• _Activity_: Restate the listing below word for word, omitting any images.
⁂
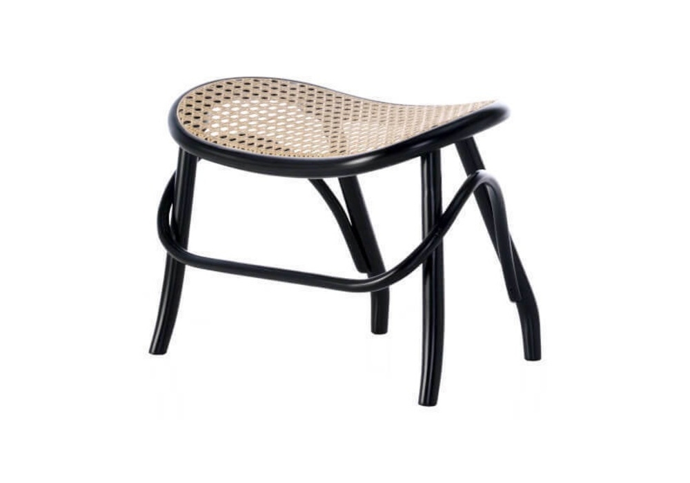 Lehnstuhl Hocker von Nigel Coates für Gebrüder Thonet Vienna entworfen, ist eine Fußstütze aus gebogener Buche verfügbar in verschiedenen Ausführungen, Sitzfläche aus grobmaschigem Wiener Stroh.
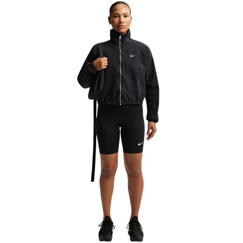 Nike Sportswear Classics Women's Shorts, Black DV7797 010. These Nike women's shorts are perfect for everyday wear. Made of a stretchy material blend, the improved fabric is less see-through and resistant to shape. High-waisted waistband. The stretchy material adapts to your movements. The printed Swoosh logo highlights the sporty character of the shorts and adds a modern touch to any style. Material: 47% cotton, 41% polyester, 12% elastane
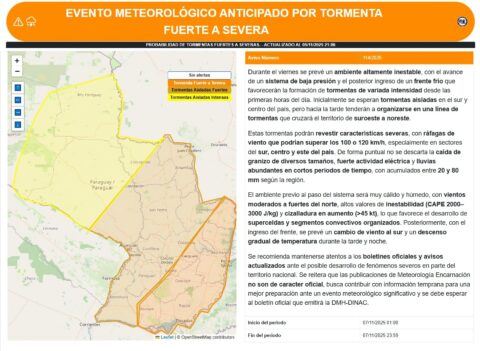 Empfehlungen der Behörden: Es wird dringend empfohlen, die offiziellen Bulletin- und aktualisierten Warnmeldungen des nationalen Dienstes zu verfolgen. Werden Veröffentlichungen von externen Stellen – wie in Encarnación – gesehen, die keinen offiziellen Charakter haben, sollte man stattdessen die frühzeitige offizielle Warnung der DIMH-DINAC (Nationale Direktion für Meteorologie und Hydrologie) konsultieren, um sich bestmöglich auf das Wetterereignis vorzubereiten.
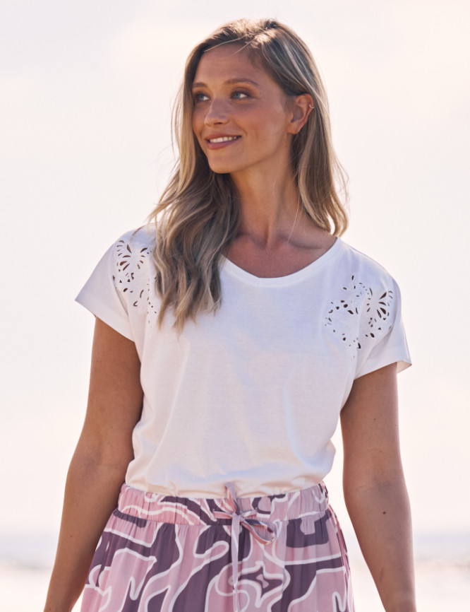 T-Shirt mit süßer Loch-Stickerei
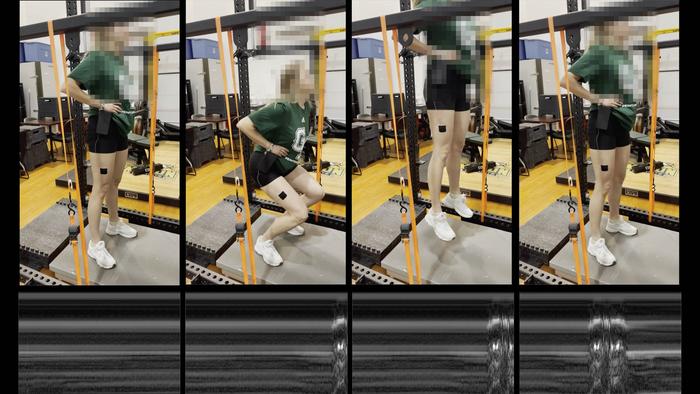 A WEARABLE ULTRASOUND MONITOR CAN PROVIDE INSIGHT INTO DYNAMIC MUSCLE MOVEMENT DURING ACTIVITIES LIKE JUMPING.
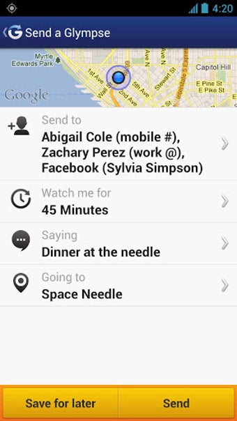 Glympse è un applicazione di geolocalizzazione gratuita che permette di condividere la tua posizione con chi vuoi. E' ideale per coloro che vogliono verificare se i propri cari sono arrivati ??a destinazione in modo sicuro o per coloro che vogliono sapere se i loro amici sono in zona.
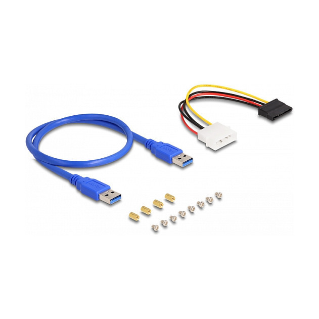 The package content includes a USB 3.0 riser cable with a length of 50 cm. No USB signals are transmitted through this cable, therefore it is not possible to exchange it with a different or longer cable.
⁂
• _Written response_:
 Lehnstuhl Hocker von Nigel Coates für Gebrüder Thonet Vienna entworfen, ist eine Fußstütze aus gebogener Buche verfügbar in verschiedenen Ausführungen, Sitzfläche aus grobmaschigem Wiener Stroh.
 Nike Sportswear Classics Women's Shorts, Black DV7797 010. These Nike women's shorts are perfect for everyday wear. Made of a stretchy material blend, the improved fabric is less see-through and resistant to shape. High-waisted waistband. The stretchy material adapts to your movements. The printed Swoosh logo highlights the sporty character of the shorts and adds a modern touch to any style. Material: 47% cotton, 41% polyester, 12% elastane
 Empfehlungen der Behörden: Es wird dringend empfohlen, die offiziellen Bulletin- und aktualisierten Warnmeldungen des nationalen Dienstes zu verfolgen. Werden Veröffentlichungen von externen Stellen – wie in Encarnación – gesehen, die keinen offiziellen Charakter haben, sollte man stattdessen die frühzeitige offizielle Warnung der DIMH-DINAC (Nationale Direktion für Meteorologie und Hydrologie) konsultieren, um sich bestmöglich auf das Wetterereignis vorzubereiten.
 T-Shirt mit süßer Loch-Stickerei
 A WEARABLE ULTRASOUND MONITOR CAN PROVIDE INSIGHT INTO DYNAMIC MUSCLE MOVEMENT DURING ACTIVITIES LIKE JUMPING.
 Glympse è un applicazione di geolocalizzazione gratuita che permette di condividere la tua posizione con chi vuoi. E' ideale per coloro che vogliono verificare se i propri cari sono arrivati ??a destinazione in modo sicuro o per coloro che vogliono sapere se i loro amici sono in zona.
 The package content includes a USB 3.0 riser cable with a length of 50 cm. No USB signals are transmitted through this cable, therefore it is not possible to exchange it with a different or longer cable.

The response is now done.